Bharat Punjabi: India and Canada can learn from each other about water management
Water is an element, so its scarcity is more likely due to poor management than it simply disappearing. Dr. Bharat Punjabi, a Research Fellow at the Global Cities Institute at the University of Toronto, ponders India’s growing water scarcity at a picturesque, lush and expansive farmland outside Mumbai, India, where problems stemming from uninformed policy and governance is affecting farmers’ livelihoods.
Punjabi, as a PhD student conducted his fieldwork around Mumbai within farming communities facing the challenge of their water being taken away by the city. Following his fieldwork, the research project that followed took a deeper look at the communities, surveying them around water scarcity but also how their livelihoods were affected by the management of water.
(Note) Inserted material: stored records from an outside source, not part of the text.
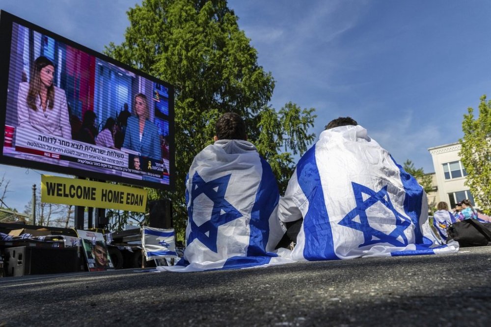 Wearing shirts emblazoned with his name, Alexander’s extended family gathered in Tel Aviv to watch the release. They chanted his name when the military said he was free, while in the city’s Hostage Square, hundreds of people broke out into cheers.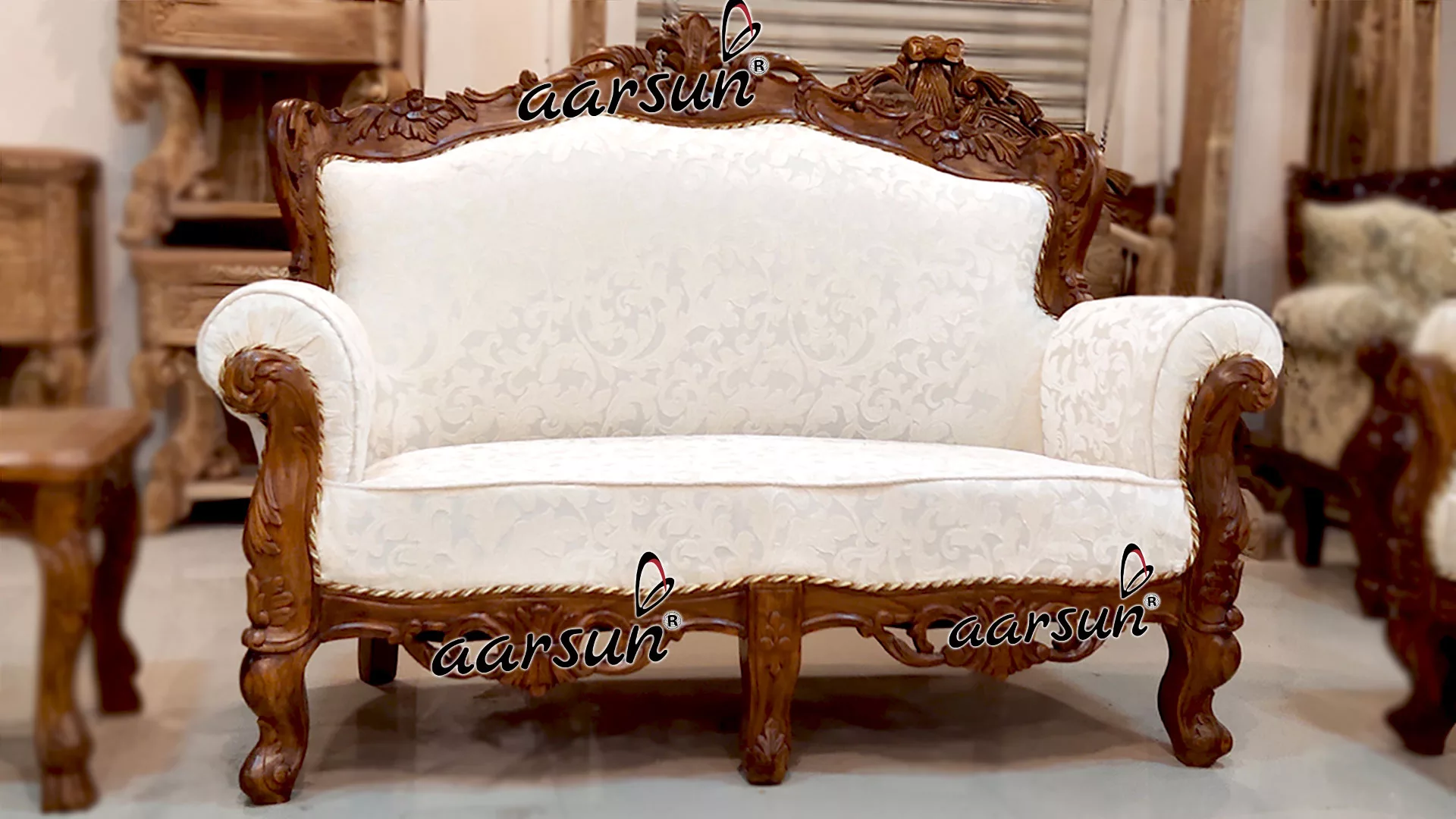 Aarsun brings to you a modern and comfortable wooden sofa set for your living room. This Sofa Set is made of premium quality Teak Wood with floral carving. It has an elegant design that enhances the interior decor of your living room. The fabric of this sofa makes it very comfortable to sit while the floral carving back gives the traditional look to the set. The unit is supported by four beautifully carved legs.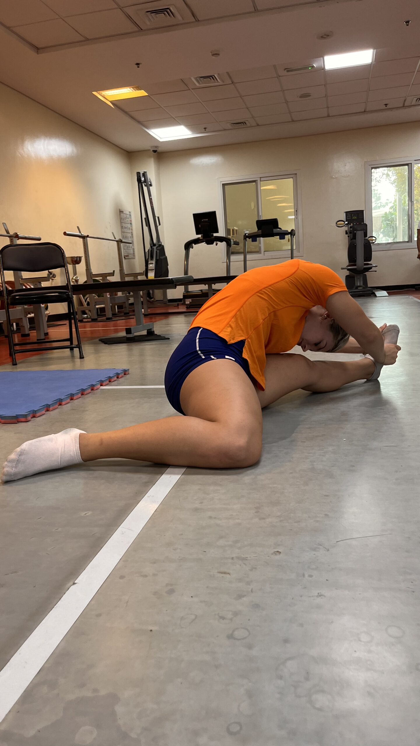 Daarna mocht ik naar de fysio. Zij maakte mijn kuiten (harde atletiekbaan) en hamstring los, superfijn.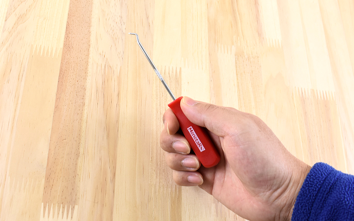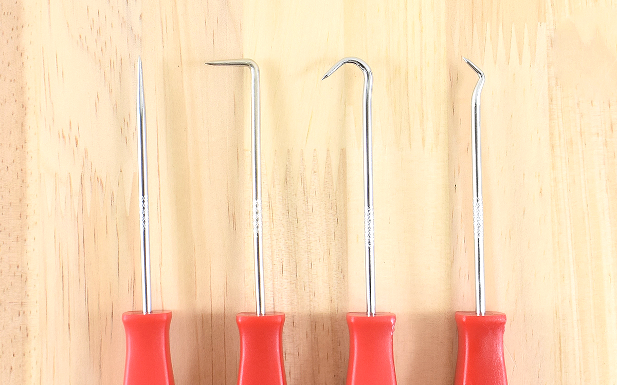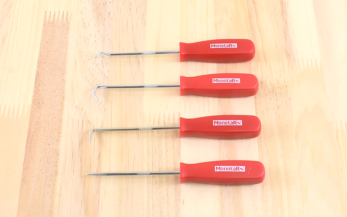 車やバイクの修理時には細かい作業が多く、Oリングを取り外す時も素手で取ろうとすると一苦労。手持ちの工具で何とか取れないかと試すものの、ちょうどいいものが見つからず時間がかかってしまうことが多々あります。無駄な時間をかけずサッと進めるために何かいい物はないかと探していたところ、「フックピック セット」(593円/税込)が目に入り購入しました。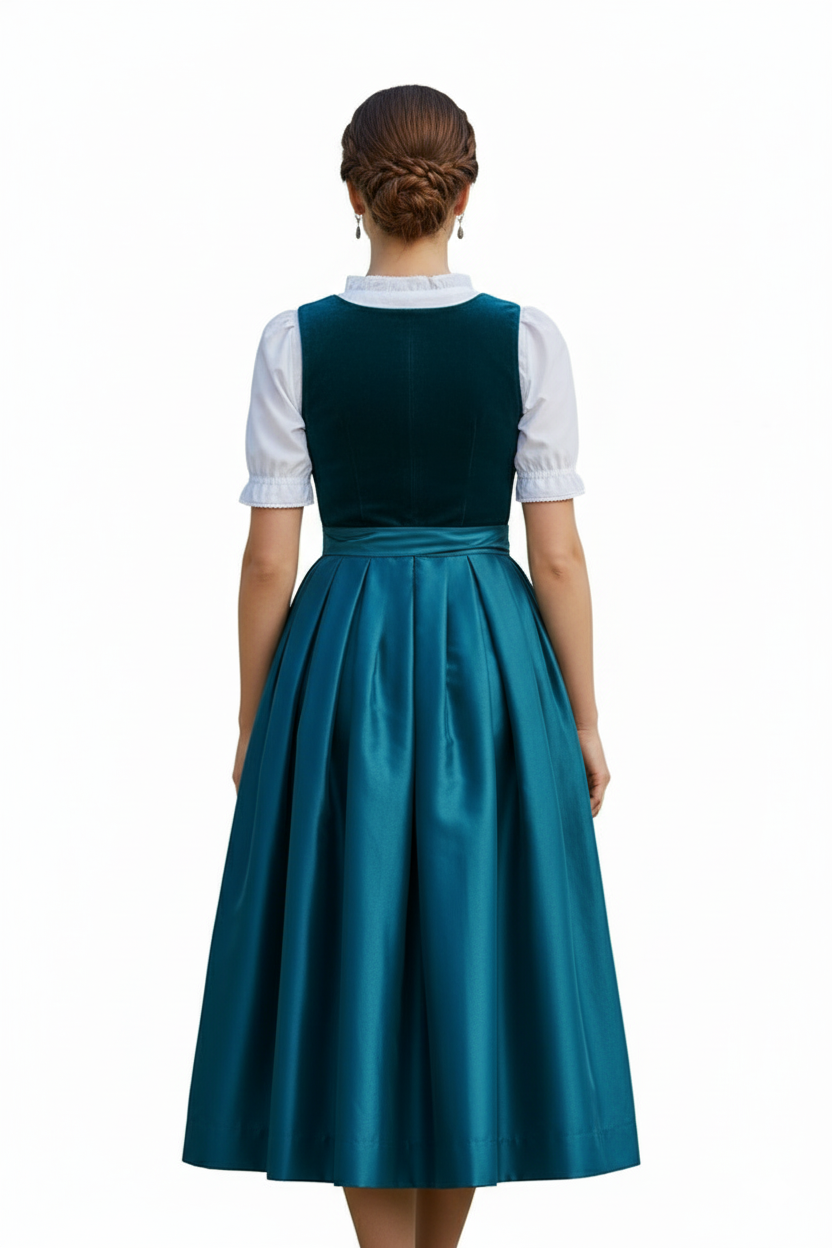 The Claudia Dirndl features a rich teal velvet bodice with a soft, smooth finish that reflects the elegance of a Velvet Dirndl. Its satin skirt adds a gentle sheen, creating a calm contrast with the matte upper texture. Together, these elements bring a refined balance that suits modern Trachtenmode.

“India is at a crossroads of a lot of environmental transformations inside the country, but also the global crisis of climate change, which is already hitting the water sector in India," says Punjabi. His research focuses on water transfers from rural to urban areas in large metropolitan regions in India, informal water-sharing arrangements involving power, politics, and appropriation through ethnography and extensive surveys.
Punjabi believes India and Canada can learn better water quality management from each other. For example, in Western India, where he conducts his field research, social movements have sprung up around using water more efficiently. The movements are well documented but have never developed meaningfully. “India needs more of a stakeholder approach,” he says. “there is a lot of potential for exchange on this, both intellectual and academic, policy and also people to people. India has a very vibrant water sector in India.”
Punjabi has taught courses related to economic geography, political ecology, water management, and the political economy of development at the University of Guelph, University of Toronto and the Western University.
He uses an interdisciplinary approach to harbor and create interest, a curiosity about India by focusing on its political economy but also learning about theories which have come out of the Indian context.
For example, a number of his students are in international development. So, he teaches for example, about Amartya Sen’s Capabilities Approach which comes out of the Indian development experience.
“For many students, the course that I teach will probably be the only course they take about India, so I want to teach them about India as well as I can,” he says. “My effort is about what India could teach students as well, not only about India but also the social sciences.” Inspired by his courses, many of Punjabi's students have traveled to India on internships, study programs or for research. Punjabi calls CIRCLE an essential, timely addition to furthering interest about India at the University of Guelph. “We have conceptualized this as a centre of Canada-India for learning and engagement, which is novel,” says Punjabi.
In fact, CIRCLE is in itself a circle…for learning.
“It’s not only Canada learning from India, or India from Canada,” he says, “they are both learning from each other, which is a big strength.”
Areej Amer is a student writer for CIRCLE. She is in her third year in the Bachelor of Arts and Sciences program at the University of Guelph.